Minden(mr). Es ist kurz nach halb zwölf, mittags. Zeit für die Essensausgabe im Johannes-Wesling-Klinikum Minden. Patient Henning Rehbock hat jedoch keinen Appetit. Der 51-jährige Petershäger sitzt sonst um diese Zeit bereits im Flieger auf Geschäftsreise nach Asien. Als dem groß gewachsenen Mann auf dem Rückflug von Indien vor Pfingsten im Flieger „speiübel“ wurde, dachte er sich nichts dabei. „Da hab ich wohl was Falsches gegessen“, erzählt Rehbock während er sich in seinem Krankenbett aufrichtet. Zu der Übelkeit kam später ein starkes Brennen und heftige Schmerzen in der Brust, erzählt der gebürtige Hildener.

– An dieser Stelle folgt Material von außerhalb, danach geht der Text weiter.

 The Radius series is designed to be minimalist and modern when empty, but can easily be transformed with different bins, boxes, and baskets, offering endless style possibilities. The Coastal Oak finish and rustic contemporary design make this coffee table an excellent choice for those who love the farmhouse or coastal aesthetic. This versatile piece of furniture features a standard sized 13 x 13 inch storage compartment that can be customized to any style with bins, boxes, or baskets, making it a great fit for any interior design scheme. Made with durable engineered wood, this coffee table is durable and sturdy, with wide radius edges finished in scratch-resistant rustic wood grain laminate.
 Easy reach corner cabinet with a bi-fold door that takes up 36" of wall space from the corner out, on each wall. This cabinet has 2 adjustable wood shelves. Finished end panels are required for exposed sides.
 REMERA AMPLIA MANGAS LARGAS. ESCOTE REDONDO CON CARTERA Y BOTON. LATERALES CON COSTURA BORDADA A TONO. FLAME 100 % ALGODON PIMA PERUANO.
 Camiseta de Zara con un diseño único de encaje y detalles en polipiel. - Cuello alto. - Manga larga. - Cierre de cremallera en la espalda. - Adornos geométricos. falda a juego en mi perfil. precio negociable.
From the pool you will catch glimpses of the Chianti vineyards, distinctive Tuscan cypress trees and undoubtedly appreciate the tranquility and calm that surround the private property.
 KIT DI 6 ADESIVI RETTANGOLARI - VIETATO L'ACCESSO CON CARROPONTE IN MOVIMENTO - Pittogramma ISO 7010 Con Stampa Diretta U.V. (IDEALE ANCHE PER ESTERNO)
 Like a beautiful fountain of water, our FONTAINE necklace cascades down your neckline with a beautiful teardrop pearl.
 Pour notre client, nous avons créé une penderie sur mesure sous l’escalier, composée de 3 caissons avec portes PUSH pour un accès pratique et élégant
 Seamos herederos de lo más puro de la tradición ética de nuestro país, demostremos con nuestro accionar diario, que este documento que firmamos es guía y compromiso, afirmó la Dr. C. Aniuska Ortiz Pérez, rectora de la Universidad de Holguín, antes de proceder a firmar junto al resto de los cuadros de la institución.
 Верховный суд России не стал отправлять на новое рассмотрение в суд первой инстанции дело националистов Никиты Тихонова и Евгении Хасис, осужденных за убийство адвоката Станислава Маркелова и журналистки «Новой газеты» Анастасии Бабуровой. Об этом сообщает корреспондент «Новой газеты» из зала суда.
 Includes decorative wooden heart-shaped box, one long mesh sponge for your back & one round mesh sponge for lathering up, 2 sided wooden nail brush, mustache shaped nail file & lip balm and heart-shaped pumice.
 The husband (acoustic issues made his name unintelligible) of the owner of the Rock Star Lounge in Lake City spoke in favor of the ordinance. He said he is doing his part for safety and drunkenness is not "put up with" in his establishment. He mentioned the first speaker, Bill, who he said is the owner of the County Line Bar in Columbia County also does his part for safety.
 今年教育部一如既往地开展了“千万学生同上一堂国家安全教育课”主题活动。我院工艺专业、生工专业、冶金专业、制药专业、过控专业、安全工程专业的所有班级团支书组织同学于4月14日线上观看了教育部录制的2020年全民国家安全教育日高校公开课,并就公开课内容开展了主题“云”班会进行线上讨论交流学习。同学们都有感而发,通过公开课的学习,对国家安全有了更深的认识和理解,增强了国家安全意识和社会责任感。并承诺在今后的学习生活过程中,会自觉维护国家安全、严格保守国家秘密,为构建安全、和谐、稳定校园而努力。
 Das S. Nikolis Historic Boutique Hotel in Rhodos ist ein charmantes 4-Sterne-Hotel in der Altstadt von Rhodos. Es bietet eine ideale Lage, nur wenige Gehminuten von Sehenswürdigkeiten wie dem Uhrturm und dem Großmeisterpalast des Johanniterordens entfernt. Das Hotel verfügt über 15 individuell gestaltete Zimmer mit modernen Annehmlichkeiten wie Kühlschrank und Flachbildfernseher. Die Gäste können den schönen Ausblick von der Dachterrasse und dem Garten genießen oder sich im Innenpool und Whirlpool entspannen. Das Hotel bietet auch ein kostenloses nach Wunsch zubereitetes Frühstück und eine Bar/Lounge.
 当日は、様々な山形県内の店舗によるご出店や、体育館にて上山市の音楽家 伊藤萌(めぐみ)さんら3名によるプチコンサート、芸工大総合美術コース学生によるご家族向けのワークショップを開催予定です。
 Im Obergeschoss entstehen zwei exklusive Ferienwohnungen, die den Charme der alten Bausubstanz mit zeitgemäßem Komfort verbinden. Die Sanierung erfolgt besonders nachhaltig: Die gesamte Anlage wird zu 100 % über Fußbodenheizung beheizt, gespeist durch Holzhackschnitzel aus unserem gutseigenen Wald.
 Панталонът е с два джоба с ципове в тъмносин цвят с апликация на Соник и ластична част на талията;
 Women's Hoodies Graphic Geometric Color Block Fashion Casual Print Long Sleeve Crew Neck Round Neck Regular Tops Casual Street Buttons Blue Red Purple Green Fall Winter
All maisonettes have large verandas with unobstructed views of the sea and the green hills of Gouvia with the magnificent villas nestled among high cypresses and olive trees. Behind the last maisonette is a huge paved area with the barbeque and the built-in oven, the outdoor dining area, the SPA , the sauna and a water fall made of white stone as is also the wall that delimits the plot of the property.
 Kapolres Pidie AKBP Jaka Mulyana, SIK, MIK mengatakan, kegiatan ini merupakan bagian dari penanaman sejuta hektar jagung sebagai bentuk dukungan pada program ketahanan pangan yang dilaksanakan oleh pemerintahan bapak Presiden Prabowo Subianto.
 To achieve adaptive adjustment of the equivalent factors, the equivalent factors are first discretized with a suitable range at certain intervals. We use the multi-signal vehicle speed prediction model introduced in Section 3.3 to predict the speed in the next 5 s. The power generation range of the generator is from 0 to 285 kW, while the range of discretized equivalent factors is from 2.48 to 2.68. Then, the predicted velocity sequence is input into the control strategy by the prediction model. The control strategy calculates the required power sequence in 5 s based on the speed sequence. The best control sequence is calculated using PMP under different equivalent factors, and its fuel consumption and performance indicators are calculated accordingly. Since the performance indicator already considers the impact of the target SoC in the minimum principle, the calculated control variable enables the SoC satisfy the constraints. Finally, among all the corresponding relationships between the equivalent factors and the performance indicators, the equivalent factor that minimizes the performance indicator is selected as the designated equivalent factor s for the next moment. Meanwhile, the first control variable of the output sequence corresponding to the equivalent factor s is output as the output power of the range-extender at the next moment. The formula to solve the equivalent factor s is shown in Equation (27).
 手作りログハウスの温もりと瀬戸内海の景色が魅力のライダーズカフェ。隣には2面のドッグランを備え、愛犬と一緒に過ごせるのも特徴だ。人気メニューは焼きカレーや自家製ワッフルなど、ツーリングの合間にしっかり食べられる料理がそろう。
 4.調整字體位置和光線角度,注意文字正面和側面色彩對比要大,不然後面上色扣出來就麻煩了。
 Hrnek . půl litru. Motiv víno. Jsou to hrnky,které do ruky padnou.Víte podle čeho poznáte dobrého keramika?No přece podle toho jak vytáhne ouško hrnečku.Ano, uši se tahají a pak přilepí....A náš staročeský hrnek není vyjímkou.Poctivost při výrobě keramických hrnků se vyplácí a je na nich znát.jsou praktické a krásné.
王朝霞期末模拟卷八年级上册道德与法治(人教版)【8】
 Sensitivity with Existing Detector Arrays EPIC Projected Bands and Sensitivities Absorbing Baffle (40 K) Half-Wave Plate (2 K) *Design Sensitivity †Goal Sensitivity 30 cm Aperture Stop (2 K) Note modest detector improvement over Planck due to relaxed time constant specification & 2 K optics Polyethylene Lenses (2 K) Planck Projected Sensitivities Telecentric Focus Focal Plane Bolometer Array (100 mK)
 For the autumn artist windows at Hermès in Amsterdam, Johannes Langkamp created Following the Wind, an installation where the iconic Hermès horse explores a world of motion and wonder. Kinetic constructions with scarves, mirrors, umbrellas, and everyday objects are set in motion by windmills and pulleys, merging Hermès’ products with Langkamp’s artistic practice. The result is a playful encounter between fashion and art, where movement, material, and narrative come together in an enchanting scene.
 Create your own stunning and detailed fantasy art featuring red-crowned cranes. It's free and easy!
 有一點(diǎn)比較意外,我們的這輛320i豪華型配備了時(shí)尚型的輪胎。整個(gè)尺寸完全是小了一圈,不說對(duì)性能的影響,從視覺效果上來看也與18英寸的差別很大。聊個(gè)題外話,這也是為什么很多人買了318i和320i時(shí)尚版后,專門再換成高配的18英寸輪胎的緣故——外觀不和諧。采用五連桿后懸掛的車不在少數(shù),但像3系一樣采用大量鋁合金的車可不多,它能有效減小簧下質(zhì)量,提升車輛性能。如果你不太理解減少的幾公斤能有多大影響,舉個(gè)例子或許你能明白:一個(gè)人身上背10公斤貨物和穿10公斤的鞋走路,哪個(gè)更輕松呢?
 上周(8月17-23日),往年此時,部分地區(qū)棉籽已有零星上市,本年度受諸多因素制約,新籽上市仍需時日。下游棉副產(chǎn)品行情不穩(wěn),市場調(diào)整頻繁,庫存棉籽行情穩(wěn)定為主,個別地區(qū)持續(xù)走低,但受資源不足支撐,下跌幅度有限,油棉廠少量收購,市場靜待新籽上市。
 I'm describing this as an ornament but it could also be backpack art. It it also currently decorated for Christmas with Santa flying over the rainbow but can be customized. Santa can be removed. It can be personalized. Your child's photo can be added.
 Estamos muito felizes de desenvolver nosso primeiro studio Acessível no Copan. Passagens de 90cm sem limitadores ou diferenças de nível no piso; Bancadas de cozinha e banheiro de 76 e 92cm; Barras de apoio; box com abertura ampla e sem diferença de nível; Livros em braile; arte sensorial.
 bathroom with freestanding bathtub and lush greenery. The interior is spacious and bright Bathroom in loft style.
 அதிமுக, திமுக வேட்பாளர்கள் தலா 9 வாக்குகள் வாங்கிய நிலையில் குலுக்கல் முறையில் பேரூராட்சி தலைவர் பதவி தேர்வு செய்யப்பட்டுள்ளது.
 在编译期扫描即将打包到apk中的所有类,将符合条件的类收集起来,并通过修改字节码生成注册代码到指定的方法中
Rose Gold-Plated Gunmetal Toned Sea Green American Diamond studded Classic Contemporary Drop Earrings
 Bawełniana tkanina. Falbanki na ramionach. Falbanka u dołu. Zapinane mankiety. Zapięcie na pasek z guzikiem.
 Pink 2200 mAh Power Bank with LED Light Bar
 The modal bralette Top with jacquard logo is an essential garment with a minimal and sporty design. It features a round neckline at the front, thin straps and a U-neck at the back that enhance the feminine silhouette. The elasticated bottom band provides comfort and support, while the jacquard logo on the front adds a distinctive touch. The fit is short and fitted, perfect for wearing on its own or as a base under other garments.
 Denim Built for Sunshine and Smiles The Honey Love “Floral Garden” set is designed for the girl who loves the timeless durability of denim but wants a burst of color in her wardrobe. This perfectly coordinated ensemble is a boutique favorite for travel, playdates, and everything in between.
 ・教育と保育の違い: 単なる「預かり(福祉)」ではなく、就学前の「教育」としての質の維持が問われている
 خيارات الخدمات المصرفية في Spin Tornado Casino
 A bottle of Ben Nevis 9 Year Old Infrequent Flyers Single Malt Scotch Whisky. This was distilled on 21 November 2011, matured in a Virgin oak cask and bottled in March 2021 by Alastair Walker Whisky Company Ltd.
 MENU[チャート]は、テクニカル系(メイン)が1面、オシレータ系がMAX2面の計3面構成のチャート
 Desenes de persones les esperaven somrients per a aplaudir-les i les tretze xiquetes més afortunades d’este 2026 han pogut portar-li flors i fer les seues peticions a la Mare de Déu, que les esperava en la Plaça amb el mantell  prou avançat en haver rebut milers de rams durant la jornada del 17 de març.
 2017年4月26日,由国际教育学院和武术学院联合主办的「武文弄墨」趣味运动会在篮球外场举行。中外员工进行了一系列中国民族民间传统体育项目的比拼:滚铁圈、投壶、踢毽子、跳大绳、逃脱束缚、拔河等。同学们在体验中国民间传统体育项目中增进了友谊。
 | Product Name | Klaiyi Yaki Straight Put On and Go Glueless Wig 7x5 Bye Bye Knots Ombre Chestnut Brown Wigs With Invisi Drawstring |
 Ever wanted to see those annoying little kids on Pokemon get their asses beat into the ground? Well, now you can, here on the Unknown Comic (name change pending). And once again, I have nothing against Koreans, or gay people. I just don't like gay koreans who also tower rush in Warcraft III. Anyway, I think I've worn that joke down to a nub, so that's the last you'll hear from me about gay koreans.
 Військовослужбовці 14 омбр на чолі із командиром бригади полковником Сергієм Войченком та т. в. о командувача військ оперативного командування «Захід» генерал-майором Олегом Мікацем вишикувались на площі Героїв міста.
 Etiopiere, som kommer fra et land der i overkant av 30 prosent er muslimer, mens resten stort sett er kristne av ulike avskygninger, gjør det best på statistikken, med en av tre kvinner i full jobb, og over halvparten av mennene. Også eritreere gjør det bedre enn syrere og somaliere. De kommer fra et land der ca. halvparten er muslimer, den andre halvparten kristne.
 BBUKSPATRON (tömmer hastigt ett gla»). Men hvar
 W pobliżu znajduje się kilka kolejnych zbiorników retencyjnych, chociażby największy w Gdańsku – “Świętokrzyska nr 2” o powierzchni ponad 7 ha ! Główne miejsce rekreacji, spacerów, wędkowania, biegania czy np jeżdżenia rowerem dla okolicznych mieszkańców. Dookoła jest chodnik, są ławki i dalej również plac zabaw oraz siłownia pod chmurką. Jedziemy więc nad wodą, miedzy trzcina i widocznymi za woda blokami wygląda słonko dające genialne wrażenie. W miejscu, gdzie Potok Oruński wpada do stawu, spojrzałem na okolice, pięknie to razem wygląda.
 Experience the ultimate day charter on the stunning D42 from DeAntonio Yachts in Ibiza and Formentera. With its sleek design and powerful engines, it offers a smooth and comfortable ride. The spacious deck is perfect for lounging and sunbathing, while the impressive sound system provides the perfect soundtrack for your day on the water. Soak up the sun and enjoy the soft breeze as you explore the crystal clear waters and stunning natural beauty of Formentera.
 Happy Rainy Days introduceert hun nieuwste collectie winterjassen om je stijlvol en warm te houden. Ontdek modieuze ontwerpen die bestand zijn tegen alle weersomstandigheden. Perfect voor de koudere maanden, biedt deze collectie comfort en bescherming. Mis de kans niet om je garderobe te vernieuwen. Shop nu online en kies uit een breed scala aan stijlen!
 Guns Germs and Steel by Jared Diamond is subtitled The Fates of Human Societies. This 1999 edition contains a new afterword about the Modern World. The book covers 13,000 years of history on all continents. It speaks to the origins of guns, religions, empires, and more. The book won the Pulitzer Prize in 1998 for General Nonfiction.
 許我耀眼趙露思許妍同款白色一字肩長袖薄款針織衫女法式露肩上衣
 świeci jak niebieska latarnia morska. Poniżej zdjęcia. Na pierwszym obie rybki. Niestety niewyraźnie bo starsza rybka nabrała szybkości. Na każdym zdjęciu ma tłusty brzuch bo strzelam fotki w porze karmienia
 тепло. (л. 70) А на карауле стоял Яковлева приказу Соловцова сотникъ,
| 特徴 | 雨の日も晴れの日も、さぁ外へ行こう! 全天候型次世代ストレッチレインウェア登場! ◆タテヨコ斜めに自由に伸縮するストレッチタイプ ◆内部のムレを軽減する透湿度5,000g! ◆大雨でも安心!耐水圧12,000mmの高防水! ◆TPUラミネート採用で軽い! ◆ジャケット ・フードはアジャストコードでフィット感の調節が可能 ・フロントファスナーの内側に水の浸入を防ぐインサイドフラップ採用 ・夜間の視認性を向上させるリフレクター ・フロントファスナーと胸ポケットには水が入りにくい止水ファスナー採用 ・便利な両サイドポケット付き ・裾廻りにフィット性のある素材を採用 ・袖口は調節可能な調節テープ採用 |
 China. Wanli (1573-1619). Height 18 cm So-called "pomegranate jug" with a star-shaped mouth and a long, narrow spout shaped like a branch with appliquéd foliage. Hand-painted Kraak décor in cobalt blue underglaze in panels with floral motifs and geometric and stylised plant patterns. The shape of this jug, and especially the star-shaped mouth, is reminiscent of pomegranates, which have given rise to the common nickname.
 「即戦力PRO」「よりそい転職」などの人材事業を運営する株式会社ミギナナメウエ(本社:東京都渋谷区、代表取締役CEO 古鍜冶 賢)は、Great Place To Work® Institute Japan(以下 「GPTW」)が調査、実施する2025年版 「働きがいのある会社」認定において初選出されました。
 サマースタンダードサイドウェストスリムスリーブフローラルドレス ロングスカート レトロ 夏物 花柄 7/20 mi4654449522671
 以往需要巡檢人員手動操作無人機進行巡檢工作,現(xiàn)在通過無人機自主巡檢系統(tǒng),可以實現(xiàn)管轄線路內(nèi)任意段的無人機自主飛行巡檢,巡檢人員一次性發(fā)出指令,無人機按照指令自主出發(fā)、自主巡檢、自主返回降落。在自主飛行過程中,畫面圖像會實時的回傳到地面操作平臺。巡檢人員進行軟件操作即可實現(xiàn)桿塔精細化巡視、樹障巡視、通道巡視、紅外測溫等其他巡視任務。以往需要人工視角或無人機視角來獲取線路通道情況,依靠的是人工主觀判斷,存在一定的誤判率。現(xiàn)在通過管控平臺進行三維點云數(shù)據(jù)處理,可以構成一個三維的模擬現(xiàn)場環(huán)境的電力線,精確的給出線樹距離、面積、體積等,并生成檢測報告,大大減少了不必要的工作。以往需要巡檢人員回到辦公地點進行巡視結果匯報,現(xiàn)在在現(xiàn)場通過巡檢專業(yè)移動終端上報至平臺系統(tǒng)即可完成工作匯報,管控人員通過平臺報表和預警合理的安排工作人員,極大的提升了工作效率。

Mit dem Notarzt ins Klinikum
„Ich hatte keine Todesangst aber ich war völlig aufgewühlt“, sagt Rehbock. Ein paar Tage später ging er zum Hausarzt, der ihn nach einem Blick auf das EKG sofort mit dem Rettungswagen ins JWK schickte. Tatsächlich, so bestätigten später die Ärzte, habe der Mann im Flugzeug einen Herzinfarkt erlitten. „Das Wochenende habe ich überstanden, weil ich bei guter körperlicher Verfassung sei“, zitiert Rehbock den Hausarzt. „Ein Anderer hätte das niemals überlebt“, war sich der Mediziner sicher.
Herzleistung bei 50 Prozent
Im Johannes Wesling Klinikum Minden angekommen, stellte PD Dr. Marcus Wiemer, Chefarzt der Klinik für Kardiologie und Internistische Intensivmedizin des JWK fest, dass die Herzleistung des Mannes nur noch bei 50 Prozent lag. Grund dafür war eine verstopfte Arterie. Das Herz des 51-Jährigen war nur schwach durchblutet. Jetzt musste schnell gehandelt werden: „Über die Beinschlagader des Patienten führten wir einen Katheter ein und schoben ihn zur verengten Stelle am Gefäß“, erklärt Wiemer. Der Ballon am Katheter entfaltet sich unter hohem Druck mit bis zu 20 bar an der verengten Stelle. „Durch den Druck konnten wir die Ablagerungen in die Gefäßwand schieben und das Blut konnte wieder fließen.“
„Stelle am Herz war steinhart“
„Die Behandlung war erfolgreich“, freut sich Rehbock. „Doch da gab es noch eine zweite verstopfte Arterie, die bis zu 70 Prozent zu war“, erzählt der kräftige Mann. Diese Stelle am Herz war steinhart“, fügt der Chefarzt hinzu. Mit einem Druck von 30 bar versuchten die Spezialisten den Ballon im Inneren des Gefäßes aufzuweiten – ohne Erfolg. Die Behandlung musste abgebrochen werden.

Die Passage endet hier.